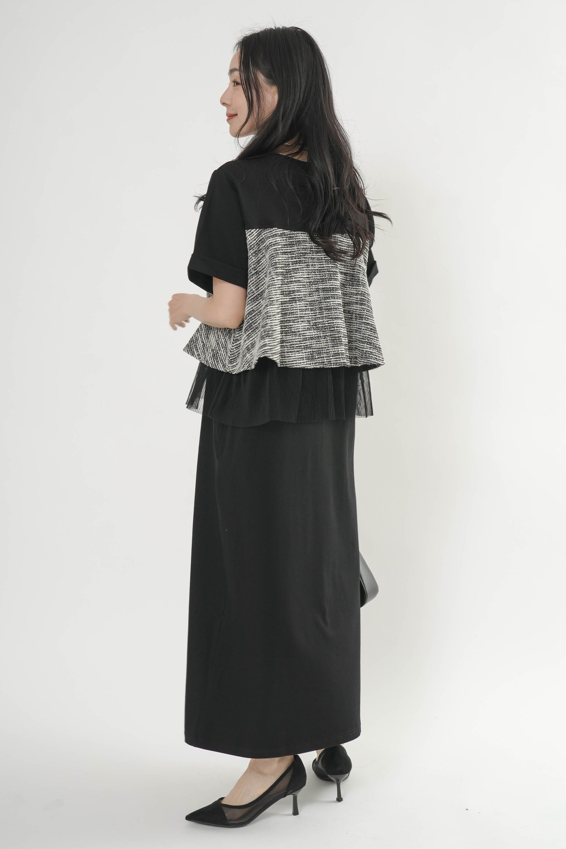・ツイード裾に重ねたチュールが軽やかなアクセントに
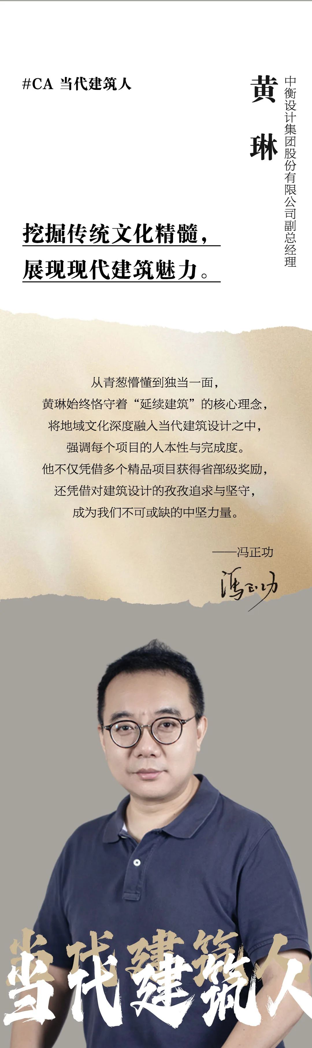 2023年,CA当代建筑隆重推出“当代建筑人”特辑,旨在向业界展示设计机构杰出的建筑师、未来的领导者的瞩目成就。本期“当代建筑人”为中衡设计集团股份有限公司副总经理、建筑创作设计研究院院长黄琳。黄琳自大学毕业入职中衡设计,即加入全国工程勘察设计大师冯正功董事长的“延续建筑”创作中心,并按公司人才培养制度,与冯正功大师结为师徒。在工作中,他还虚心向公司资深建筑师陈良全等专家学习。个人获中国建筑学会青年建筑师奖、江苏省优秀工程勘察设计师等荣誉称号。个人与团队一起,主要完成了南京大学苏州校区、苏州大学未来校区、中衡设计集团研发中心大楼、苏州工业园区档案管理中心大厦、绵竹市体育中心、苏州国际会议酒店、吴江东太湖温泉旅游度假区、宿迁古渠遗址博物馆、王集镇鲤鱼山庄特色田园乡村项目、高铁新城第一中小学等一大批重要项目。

...

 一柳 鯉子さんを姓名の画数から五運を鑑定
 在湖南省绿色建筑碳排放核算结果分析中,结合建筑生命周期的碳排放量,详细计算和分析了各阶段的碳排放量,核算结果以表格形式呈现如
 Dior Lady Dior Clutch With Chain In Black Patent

> **Task**
Given the records above, restate word for word only the lines starting at the one with "在湖南省绿色建筑碳排放核算结" and ending at the one with "Dior Lady Dior".

> **Response below**
 在湖南省绿色建筑碳排放核算结果分析中,结合建筑生命周期的碳排放量,详细计算和分析了各阶段的碳排放量,核算结果以表格形式呈现如
 Dior Lady Dior Clutch With Chain In Black Patent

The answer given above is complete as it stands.